“Trawling Old and Forgotten Hard Drives”: Director Irene Taylor Brodsky | Moonlight Sonata: Deafness in Three Movements
Whenever directors watch their own films, they always do so with the knowledge that there are moments that occurred during their production — whether that’s in the financing and development or shooting or post — that required incredible ingenuity, skill, planning or just plain luck, but whose difficulty is invisible to most spectators. These are the moments directors are often the most proud of, and that pride comes with the knowledge that no one on the outside could ever properly appreciate what went into them.
So, we ask: “What hidden part of your film are you most privately proud of and why?”
Snap-shot imagery comes so easy these days. Our phones are filled with short videos and imagery, the not-so-invisible plot points of our daily lives.
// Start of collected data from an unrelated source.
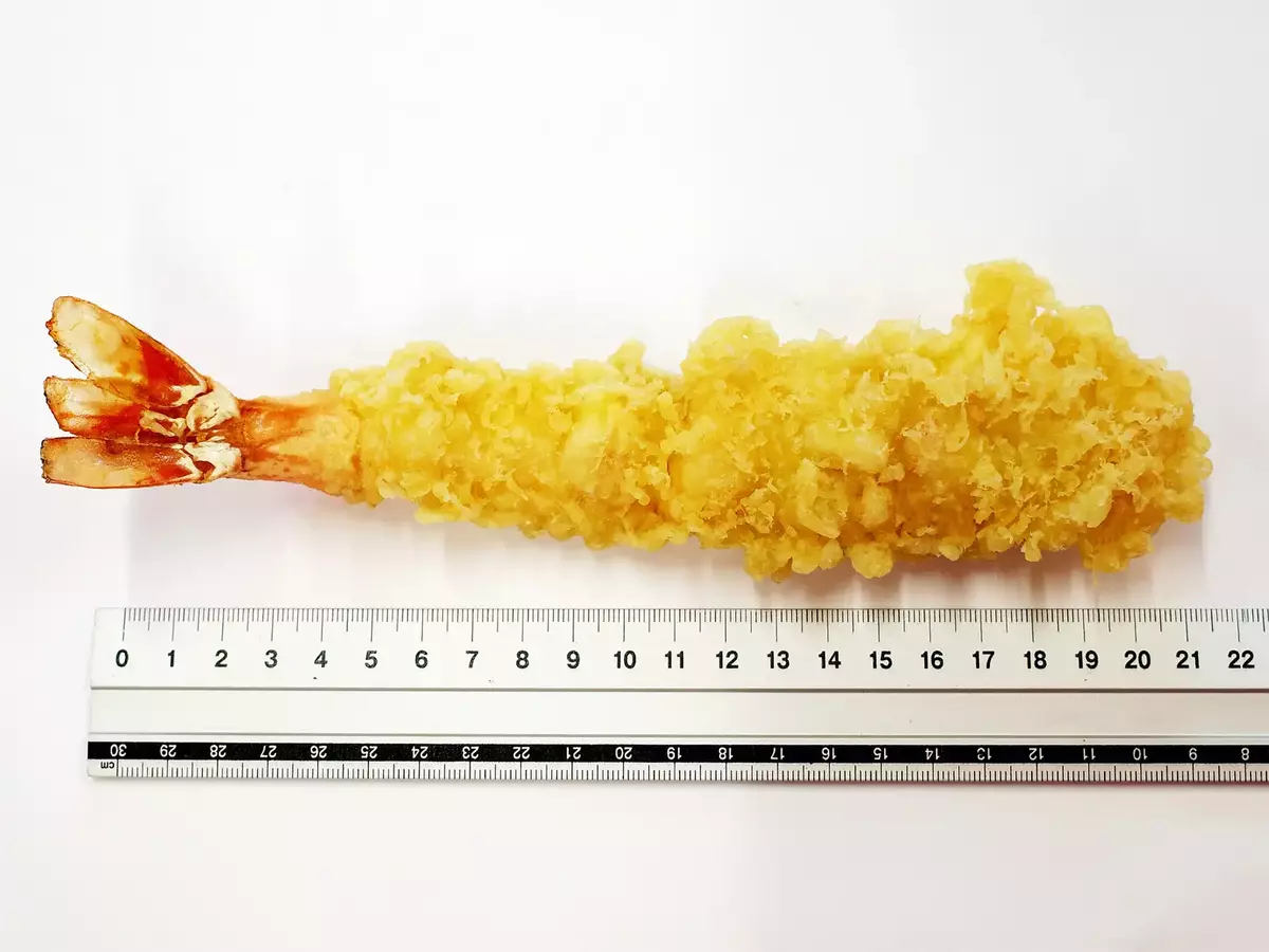 ブラックタイガーのサイズは実は国際基準で決められています。今回のジャンボえび天にはその中でも、一般的な流通サイズの上位にあたるとても大きなサイズのものを使用しています。
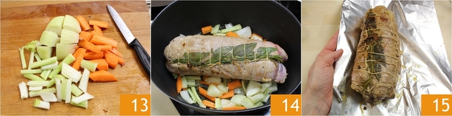 Fatie em pedaços grandes a cebola, o aipo e a cenoura 13 e adicione-os na panela junto com o rocambole 14. Salgue e apimente a carne e deixe cozinhar por 40 minutos com uma tampa com uma abertura. Durante o cozimento, regue o rocambole com a cerveja sempre que começar a secar muito. Após 40 minutos, verifique se a carne está cozida com a ajuda de um palito: perfurando a superfície do rocambole, deve sair um líquido claro. Se o líquido for rosa, a carne deve cozinhar um pouco mais. Após o cozimento, coloque o rocambole em uma folha de papel alumínio 15 e feche-o, para que os sucos da carne se redistribuam.
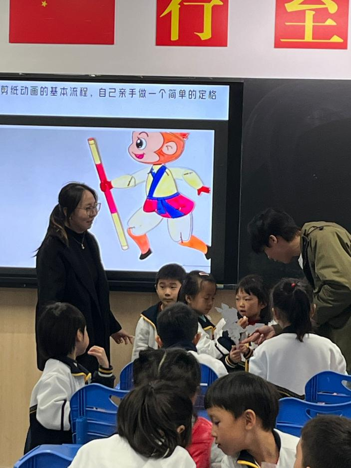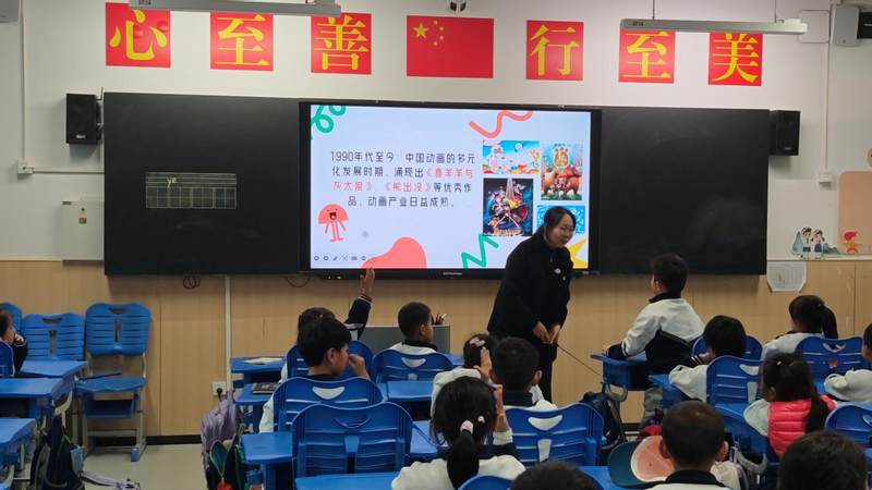 为弘扬中华优秀传统文化,以美育赋能青少年成长,11月13日,设计学院动画与数字媒体艺术学生党支部联合新媒体设计系教师党支部师生代表一行,走进安徽师范大学附属外国语学校城东校区一(11)班,为小学生们带来了一场别开生面的“走进国漫,发现中国之美”主题活动。活动将专业所学与中国传统动画文化深度融合,在孩子们心中播下了文化自信的种子。

We create them, share them and then, too often, forget about them.
I had 80 years of these family plot points at my fingertips. I knew if I curated them with the discipline of a director (and not the nostalgia of a mother and a daughter), they could take viewers deep into the emotional center of my family.
After my creative team went home, I’d sit alone late into the night clicking through a labyrinth of images, trawling old and forgotten hard drives, watching reels of 8mm movies, collating video tapes to be transferred. No matter how many selects reels I made, I still ended up with too much.
Any memoir runs the risk of being too indulgent. The hidden challenge for me was the discipline it took to craft meaning and narrative out of our imagery, not simply take you on my own trip down memory lane.